▸ **REQUIREMENT**:
In the copy, include no images. Reproduce the entries exactly.

Stored data entries:
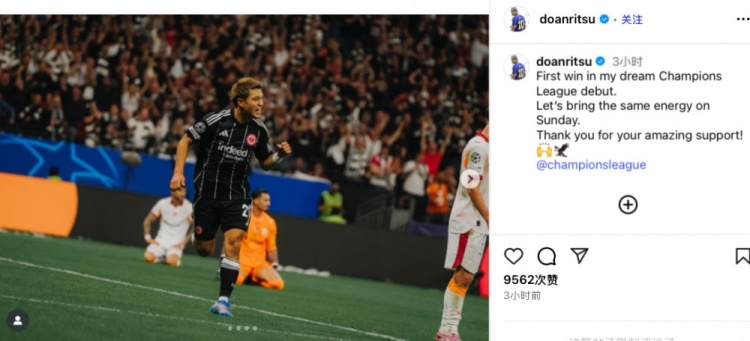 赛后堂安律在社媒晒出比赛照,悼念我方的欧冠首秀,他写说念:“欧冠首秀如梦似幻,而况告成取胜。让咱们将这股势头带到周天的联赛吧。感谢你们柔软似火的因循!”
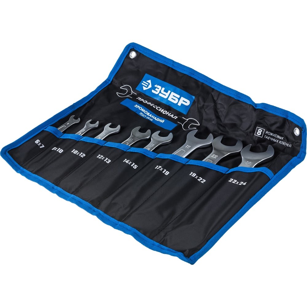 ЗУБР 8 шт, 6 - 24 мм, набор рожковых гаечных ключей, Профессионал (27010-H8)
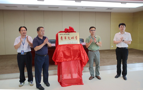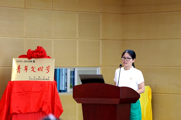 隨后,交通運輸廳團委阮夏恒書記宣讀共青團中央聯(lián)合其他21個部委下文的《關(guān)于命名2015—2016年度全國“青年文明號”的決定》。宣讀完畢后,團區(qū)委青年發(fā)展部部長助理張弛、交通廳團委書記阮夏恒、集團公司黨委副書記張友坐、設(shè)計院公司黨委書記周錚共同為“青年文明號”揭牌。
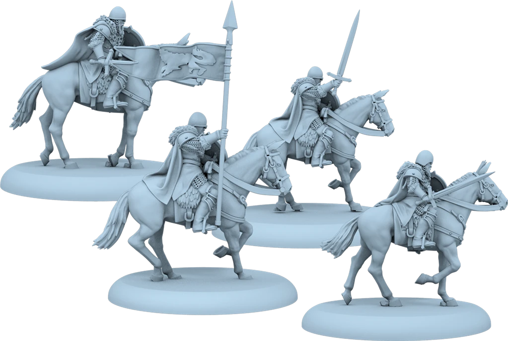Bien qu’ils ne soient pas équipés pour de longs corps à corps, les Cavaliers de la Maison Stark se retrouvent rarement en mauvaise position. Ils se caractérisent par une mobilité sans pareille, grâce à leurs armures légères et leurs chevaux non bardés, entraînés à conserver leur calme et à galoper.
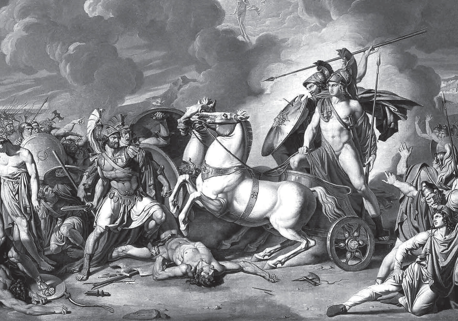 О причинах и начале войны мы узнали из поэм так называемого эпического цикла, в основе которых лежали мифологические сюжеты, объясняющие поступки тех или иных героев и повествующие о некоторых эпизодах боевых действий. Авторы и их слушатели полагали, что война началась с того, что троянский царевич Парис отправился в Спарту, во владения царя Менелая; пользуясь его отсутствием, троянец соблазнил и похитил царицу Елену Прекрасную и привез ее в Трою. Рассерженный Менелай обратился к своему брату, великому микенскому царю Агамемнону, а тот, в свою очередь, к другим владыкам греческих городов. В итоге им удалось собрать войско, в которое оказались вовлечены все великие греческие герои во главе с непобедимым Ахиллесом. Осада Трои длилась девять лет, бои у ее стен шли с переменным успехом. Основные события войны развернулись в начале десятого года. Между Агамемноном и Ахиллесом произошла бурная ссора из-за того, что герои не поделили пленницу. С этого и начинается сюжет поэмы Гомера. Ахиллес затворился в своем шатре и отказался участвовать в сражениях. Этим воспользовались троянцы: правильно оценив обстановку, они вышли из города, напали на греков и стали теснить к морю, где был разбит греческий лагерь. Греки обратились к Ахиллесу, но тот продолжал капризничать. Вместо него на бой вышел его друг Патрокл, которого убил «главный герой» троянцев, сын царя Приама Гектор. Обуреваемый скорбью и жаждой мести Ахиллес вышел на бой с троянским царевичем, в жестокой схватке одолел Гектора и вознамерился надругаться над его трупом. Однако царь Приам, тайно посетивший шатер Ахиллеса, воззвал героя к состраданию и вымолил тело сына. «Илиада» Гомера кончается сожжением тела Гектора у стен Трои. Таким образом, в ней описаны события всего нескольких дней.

▸ **RESULT**:
 赛后堂安律在社媒晒出比赛照,悼念我方的欧冠首秀,他写说念:“欧冠首秀如梦似幻,而况告成取胜。让咱们将这股势头带到周天的联赛吧。感谢你们柔软似火的因循!”
 ЗУБР 8 шт, 6 - 24 мм, набор рожковых гаечных ключей, Профессионал (27010-H8)
 隨后,交通運輸廳團委阮夏恒書記宣讀共青團中央聯(lián)合其他21個部委下文的《關(guān)于命名2015—2016年度全國“青年文明號”的決定》。宣讀完畢后,團區(qū)委青年發(fā)展部部長助理張弛、交通廳團委書記阮夏恒、集團公司黨委副書記張友坐、設(shè)計院公司黨委書記周錚共同為“青年文明號”揭牌。
Bien qu’ils ne soient pas équipés pour de longs corps à corps, les Cavaliers de la Maison Stark se retrouvent rarement en mauvaise position. Ils se caractérisent par une mobilité sans pareille, grâce à leurs armures légères et leurs chevaux non bardés, entraînés à conserver leur calme et à galoper.
 О причинах и начале войны мы узнали из поэм так называемого эпического цикла, в основе которых лежали мифологические сюжеты, объясняющие поступки тех или иных героев и повествующие о некоторых эпизодах боевых действий. Авторы и их слушатели полагали, что война началась с того, что троянский царевич Парис отправился в Спарту, во владения царя Менелая; пользуясь его отсутствием, троянец соблазнил и похитил царицу Елену Прекрасную и привез ее в Трою. Рассерженный Менелай обратился к своему брату, великому микенскому царю Агамемнону, а тот, в свою очередь, к другим владыкам греческих городов. В итоге им удалось собрать войско, в которое оказались вовлечены все великие греческие герои во главе с непобедимым Ахиллесом. Осада Трои длилась девять лет, бои у ее стен шли с переменным успехом. Основные события войны развернулись в начале десятого года. Между Агамемноном и Ахиллесом произошла бурная ссора из-за того, что герои не поделили пленницу. С этого и начинается сюжет поэмы Гомера. Ахиллес затворился в своем шатре и отказался участвовать в сражениях. Этим воспользовались троянцы: правильно оценив обстановку, они вышли из города, напали на греков и стали теснить к морю, где был разбит греческий лагерь. Греки обратились к Ахиллесу, но тот продолжал капризничать. Вместо него на бой вышел его друг Патрокл, которого убил «главный герой» троянцев, сын царя Приама Гектор. Обуреваемый скорбью и жаждой мести Ахиллес вышел на бой с троянским царевичем, в жестокой схватке одолел Гектора и вознамерился надругаться над его трупом. Однако царь Приам, тайно посетивший шатер Ахиллеса, воззвал героя к состраданию и вымолил тело сына. «Илиада» Гомера кончается сожжением тела Гектора у стен Трои. Таким образом, в ней описаны события всего нескольких дней.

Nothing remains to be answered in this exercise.